‘It’s a massive victory from the situation on March 31 when Visteon sacked us with nothing,’ Piers Hood, Unite deputy convenor at the Visteon Enfield plant told News Line yesterday.
He was speaking in the wake of sacked workers at the plant voting on Saturday by 178-5 to accept a new redundancy offer from the company.
Hood added: ‘Everyone is happy. We would have liked our jobs back but most people are looking at £40,000 plus.
‘The stand of the three plants dragged Visteon back to the negotiating table.
‘It’s a tenfold increase on what we were first told and it shows that occupation pays.
‘You have to make the decision to stand and fight straightaway.
‘We are still picketing and we will stay on the picket line until things are all sorted out and the money is in people’s bank accounts.’
Basildon plant convenor Frank Jepson added: ‘Visteon was left with no choice and waved the little flag of surrender.
‘They knew we were getting stronger, not weaker.
‘The threat to picket Ford Bridgend and Dagenham hit home.
‘They knew we weren’t bluffing and would do whatever it takes to get justice.
‘We will continue to picket until the money is in the bank.’
Basildon sacked workers voted unanimously, 159 in favour, to accept the offer.
Last to vote was the still occupied Belfast plant.
Unite convenor John McGuire told News Line: ‘It’s not a victory because people have lost their jobs, but it is a victory that we got Ford Motor Company to put a proper financial settlement on the table.

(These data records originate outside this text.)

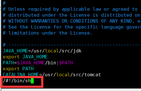 接着进入编辑界面后,直接输入:/#!/bin/sh查找位置
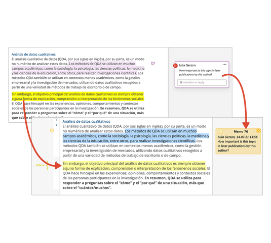 MAXQDA распознает выделение цветом в документах Word или PDF и автоматически кодирует выделенные отрывки, чтобы вы могли беспрепятственно продолжить работу в MAXQDA. Комментарии и ветки комментариев импортируются в MAXQDA как заметки и могут отображаться рядом с вашими документами.
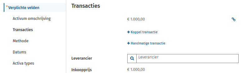 | Koppel transactie | Je kunt via deze link een boeking die in het tabblad Te verwerken staat, koppelen aan het nieuwe activum. In dit artikel lees je meer over het tabblad Te verwerken: Het tabblad Te verwerken In dit artikel lees je hoe het koppelen precies werkt: Koppel transactie |
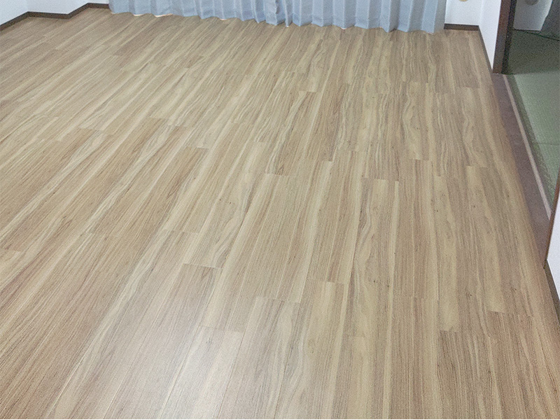 しかし、床の高さが上がってしまうため、ドアなどを調整する必要があり、ご予算や工期を考慮してフロアタイルをチョイスしました。
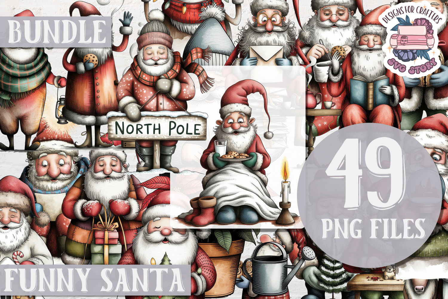 Funny Christmas Santa Clipart Bundle Sublimation 49 PNG
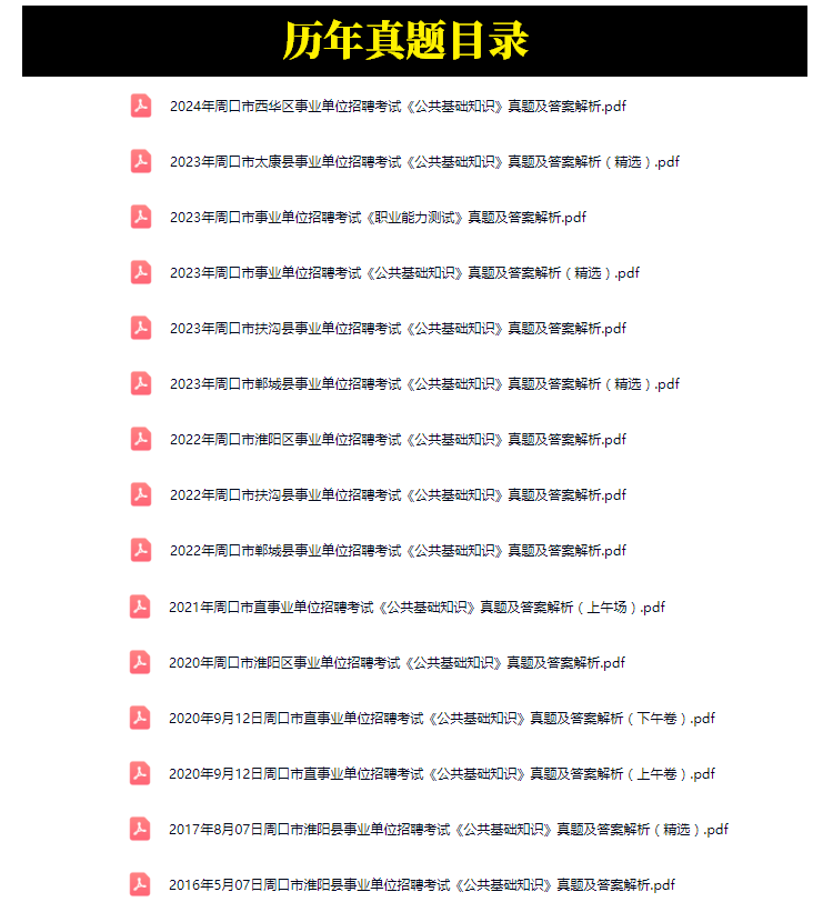2016年-2024年周口市事业单位招聘考试笔试真题15套
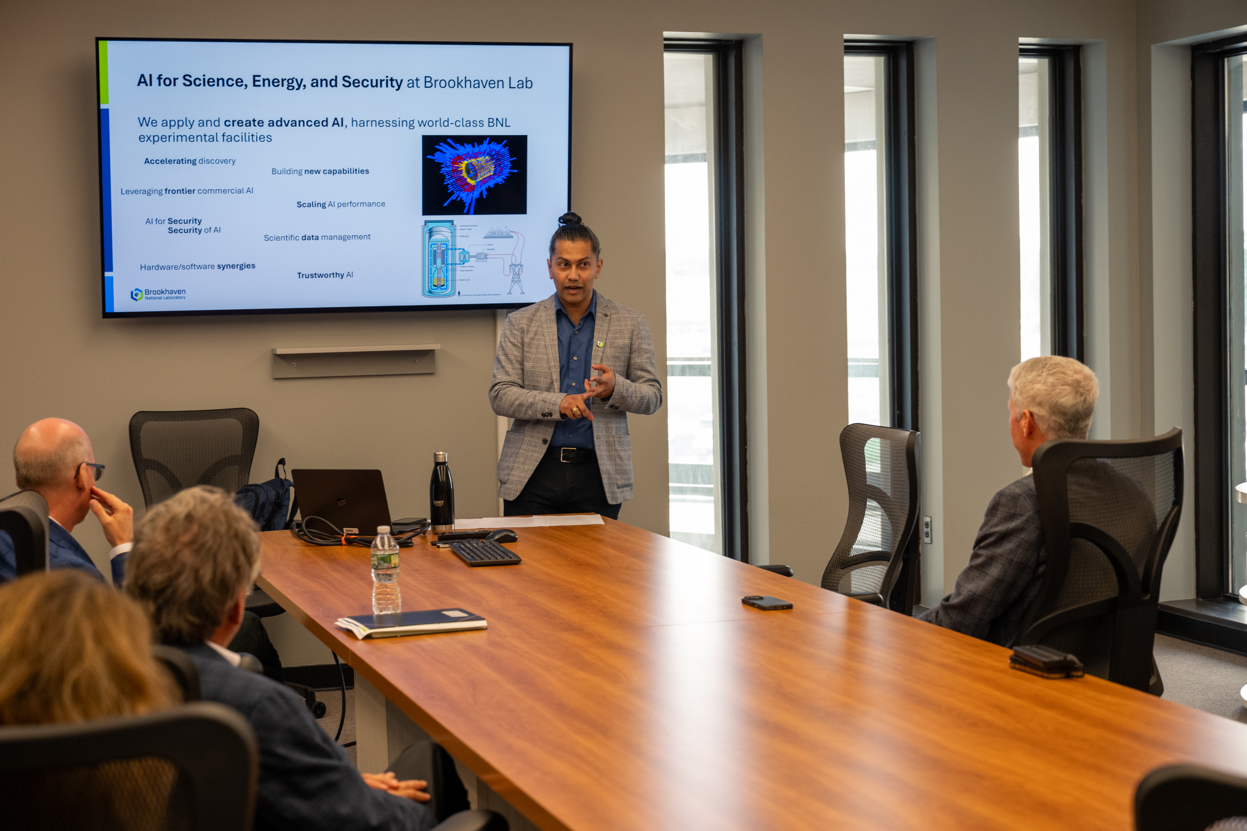 After a lunch with early career Lab staff — where the Secretary learned about their contributions to fields including accelerator physics, energy systems engineering, and isotope production — Wright visited the Lab’s Computing and Data Sciences directorate. He witnessed how state-of-the-art technologies compile one of the largest archives of scientific data in the world — over 500 petabytes, equivalent to 370 million Netflix movies — and provide remote access to that data for collaborators across the nation and around the world. He also learned about Brookhaven Lab’s efforts in “embodied AI,” in which robots powered by AI learn by interacting with the physical world — as opposed to learning from internet data — to become significantly more adept at controlling real-world systems. Brookhaven Lab is leading the way in using such embodied AI to advance its own science.
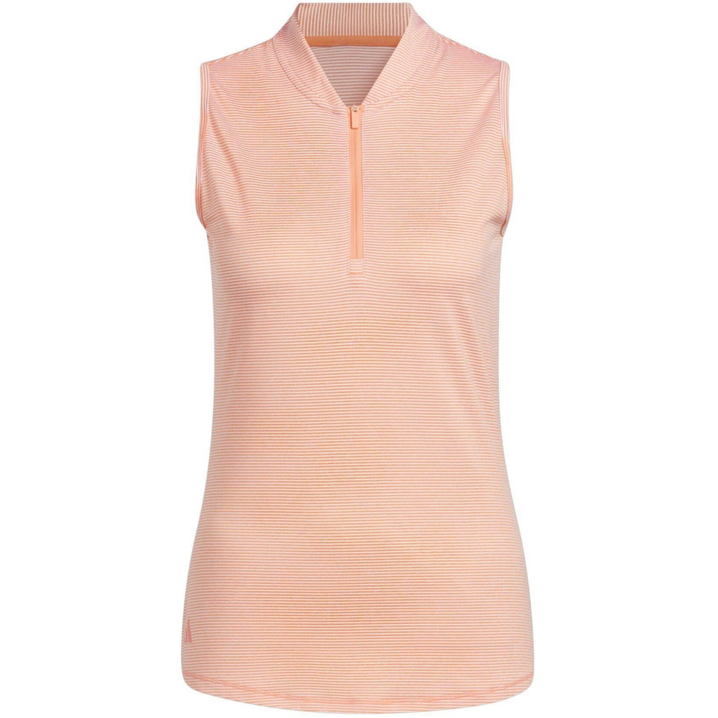 Adidas HT1247 dames mouwloze polo. Tweekleurige tanktop. Deze golfpolo is gemaakt van zacht, rekbaar materiaal om u comfortabel te houden van de tee tot de laatste putt. Door het mouwloze ontwerp kunt u vrij bewegen en de halve ritssluiting helpt u te ademen bij warmer weer.
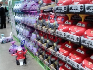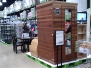 広~い店内には「24個入り」「2リットル×6本」など、まとめ買い数量の生活雑貨や食品が並んでいます。乗るタイプの玩具が数十台、アップライトのピアノ複数台、個人用サウナ(!)など、その広さを活かした大物商品も目立ちます。
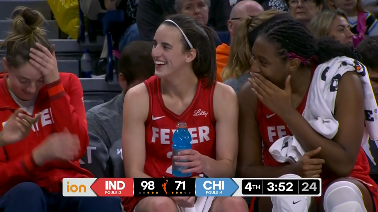 来源:直播车08-31 13:03直播车讯 北京时间8月31日,WNBA常规赛印第安纳狂热100-81大胜芝加哥天空,状元郎凯特琳-克拉克全场出战32分钟,14投8中、三分9中5、罚球11中10轰下31分12助攻4篮板1抢断,正负值高达+23,提前打卡下班,坐在替补席满脸笑容十分开心。

‘It will be a total victory when we get Ford/Visteon in court for failing in their obligations to fund our pensions to the tune of £150m-£200m.
‘This shorfall is being paid for by the taxpayer and we intend to fight this through the courts.’
Commenting on the settlement he added: ‘It shows occupation pays.
‘We stood firm and we won’t be leaving until the money is in our bank accounts.’
Belfast voted 147-34 to accept the deal.
Unite – which never made the dispute and occupation of the Enfield and Belfast plants official, and subsequently did not sanction hardship pay – in a statement last Friday saluted the ‘dramatic fight for justice for 610 Visteon workers’.
It said: ‘The workers, members of Unite the union, were sacked last month with only six minute’s notice, in the process denied their rightful redundancy pay and their pensions hit.
‘Since then, the workers, supported fully by Unite, have led a high profile fight-back for just compensation, including the right to be considered for jobs at Ford, the former employer of the vast majority of the workforce.
‘Unite has been campaigning to ensure that neither Visteon nor Ford, given its historic, continuous association with the workforce, could walk away from the workers without paying them what is rightfully and morally theirs.
‘Now a renewed deal, which goes beyond even the Ford redundancy terms, has been accepted unanimously by the union’s convenors and shop stewards.’